Émile Martin, Dufaud's son-in-law, built a foundry near the Fourchambault forge.
In the 1820s the Boigues and other partners in Fourchambault such as Dufaud and Martin were heavily involved in promoting railways.

In 1836 the brothers Adolphe and Eugène Schneider acquired the iron works at Le Creusot with investments by François Alexandre Seillière and Louis Boigues.
Adolphe had married Valerie Aignan, stepdaughter of Louis Boigues. (Note: Claudine Françoise Montanier (1785-1864) married Etienne Aignan (1773-1824) and had three children including Valérie Aignan (1812-1861), who married Adolphe Schneider, founded of the Société Schneider et Cie.
Claudine Françoise remarried in 1825 to Louis Boigues.)
In 1838 Boigues et fils engaged with the Société Rambourg Frères, owner of a coal mine in Commentry, Allier.

An 1839 description of the works at Fourchambault said the raw iron to be refined was supplied by 18 blast furnaces, five of which were operated by the Boigues company in Nièvre and five in Cher.
One of the furnaces used coke for fuel in the English way.
Three of the blast furnaces had bellows driven by steam engines, and at Charbonnière a steam engine was used as back-up when the water supply failed.
16 furnaces at Fourchambault were used for refining the iron, and six others were used to heat the refined iron to be stretched into bars for sale.
All the iron work was done by rolling mills according to the dimensions of the iron bars required.
Two steam engines, each of 60 horsepower, provided power to the various rolling mills.
The factory at Fourchambault employed about 3,000 workers including those involved in harvesting wood for fuel.
A suspension bridge was being built across the Loire to connect Fourchambault in Nièvre to Givry in Cher, due to be completed in 1835.

==Société Boigues & Cie==

Jean Louis Boigues died on 14 November 1838 in Fourchambault, Nièvre.
After his death the Fourchambault enterprise was reorganized as a societé en commandite, a limited partnership controlled by the heirs of Boigues and Dufaud.
The Société Boigues & Cie soon began a major expansion to meet growing demand from railways.
Claude Hochet was the brother-in-law of Jean Louis Boigues.
His son Jules Hochet became manager of the iron foundry of the Société Boigues & Cie.

In 1846 Hochet, iron master at Fourchambault, became a member of the Association pour la défense du Travail national.
This had been formed to oppose the lowering of tariffs.
In the crisis year of 1848 Charles de Wendel and Eugène Schneider saved the foundry at Fourchambault from bankruptcy by co-signing a huge bank loan.
The law of 1 December 1851 authorized formation of the Chemin de fer de Lyon à Avignon, owned by Genissieu, Boigues & Cie, Emile Martin & Cie, Edouard Blount, Parent (Bazile), and Drouillard Benoist & Cie.

The Société Boigues, Rambourg & Cie was created in 1852 and reorganized on 1 January 1854.
The gerants were P. Benoist d'Azy, Em.

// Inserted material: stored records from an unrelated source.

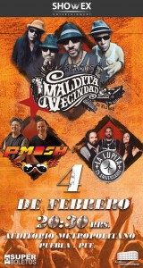 El mes de Febrero del año 2017 está lleno de sorpresas, una de las más especiales es la visita de tres bandas emblemáticas del Rock Latinoamericano y Nacional, La Maldita Vecindad, La Lupita y los Regios de Plastilina Mosh harán vivir a los Poblanos una noche espectacular el día 4 de Febrero a las 20:30 horas.
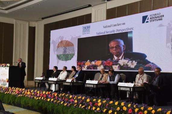 The esteemed speakers at the conclave were M. K. Narayanan, Former Governor of West Bengal and National Security Advisor of India (NSA), Ms. Kavitha D Chitturi, Jt. Managing Director, KCP Ltd and the immediate past president of MMA, Lt. General V R Raghavan, (Retd) PVSM UYSM, AVSM, Military Strategic Thinker and Former Director General of Military Operations Indian Army, Dr. Sridhar Krishnaswami, Professor of Journalism, Prof. Varun Sahni, Vice Chancellor, Goa University along with KAS representatives Mr. Peter Rimmele and Mr. Pankaj Madan.
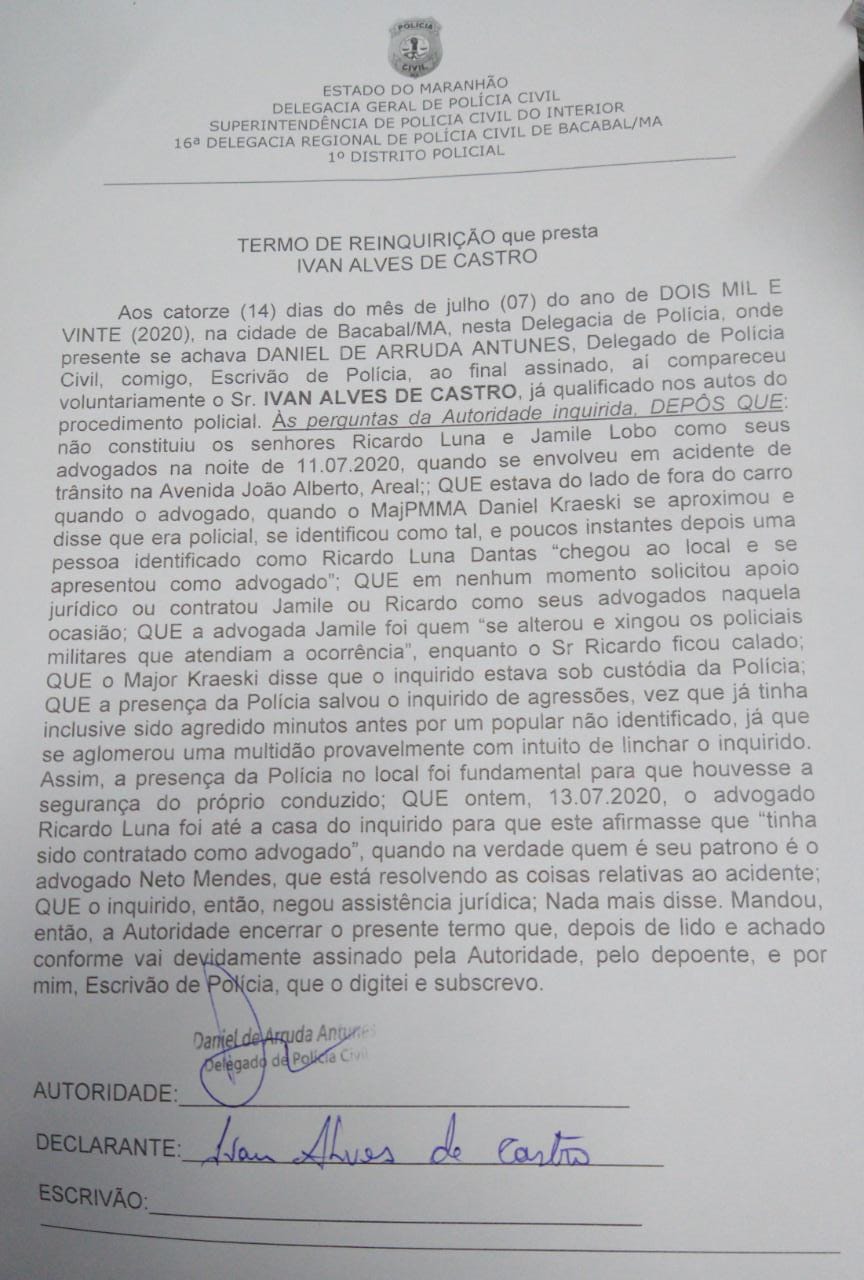 Um depoimento prestado na delegacia do 1º DP de Bacabal e conseguido por este Blog, provoca uma reviravolta no caso que envolve policiais militares e dois advogados da cidade.O depoimento, tomado pelo delegado de polícia civil Daniel de Arruda Antunes, foi prestado na tarde do dia 14 de julho pelo homem que deu início a toda confusão. Ivan Alves de Castro é o homem que conduzia uma Hilux na tarde do dia 11 de julho quando se envolveu num acidente de trânsito com uma motocicleta.
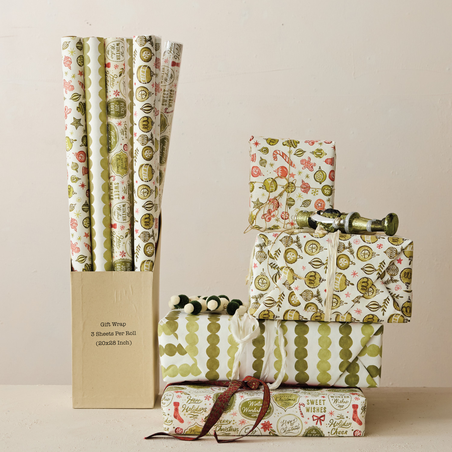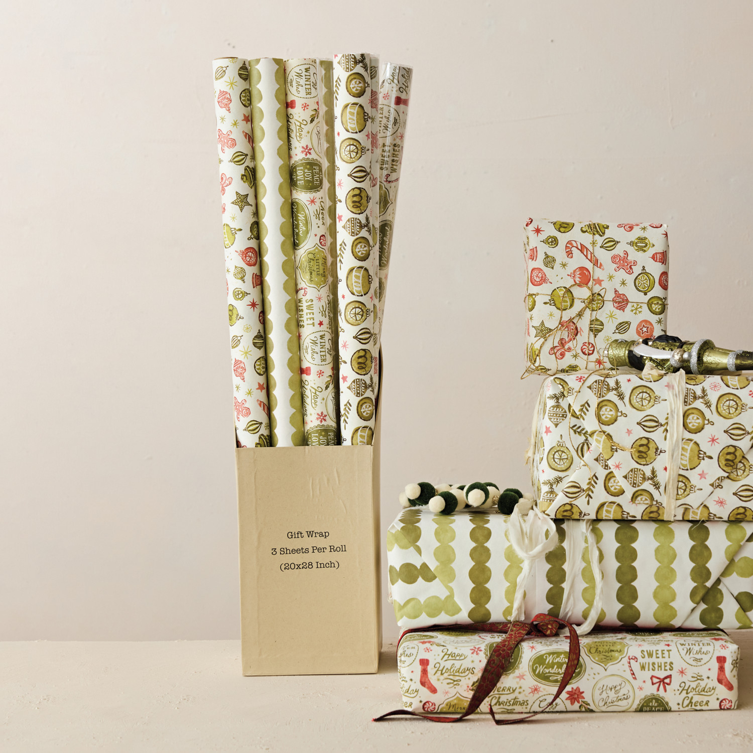 Wrapping Paper Sheets, Set of 12 in Box (4 Styles, 3 Rolls Per Style, 3 Sheets Per Roll) ©
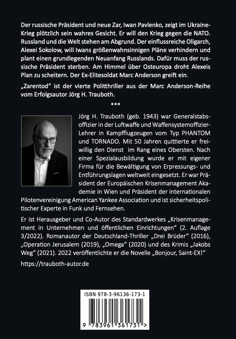 „Zarentod“ ist der vierte Politthriller aus der Marc Anderson-Reihe vom Erfolgsautor Jörg H. Trauboth.
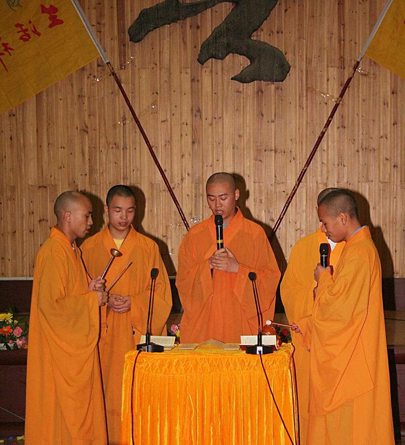 早课。早课的内容依次是《香赞》、《普贤菩萨行愿品》、《三祖僧璨禅师信心铭》、《怡山和尚发
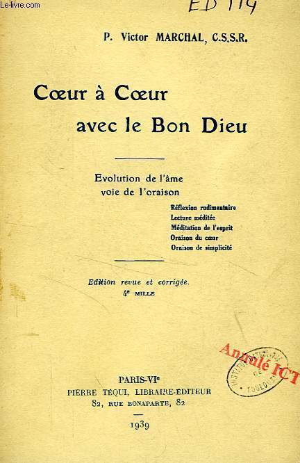 Pierre Téqui. 1939. In-12. Broché. Bon état, Couv. convenable, Dos satisfaisant, Intérieur acceptable. 205 pages. Etiquette de code sur le dos. Tampons et annotation de bibliothèque sur le 1er plat et en page de titre.. . . . Classification Dewey : 248-Vie chrétienne et méditations

Boiges, J. Hochet, Mouy and P. Rambourg.
On 17 December 1853 the Société Boigues & Cie and the Société Rambourg Frères, which owned the Commentry mine, merged with other enterprises to form the Société Boigues, Rambourg & Cie.
The company, later renamed the Société de Commentry, Fourchambault et Decazeville was formed in 1853 through a merger of the Fourchambault foundry, Imphy (Nièvre) steelworks, Montluçon (Allier) foundry and Commentry (Allier) colliery.
The new company was dominated by the Boigues family for the steel plants at Fourchambault, Toteron and La Guerche and the Rambourg family for the Commentry mine.
The owners of Montluçon, Imphy and La Pique were in the minority.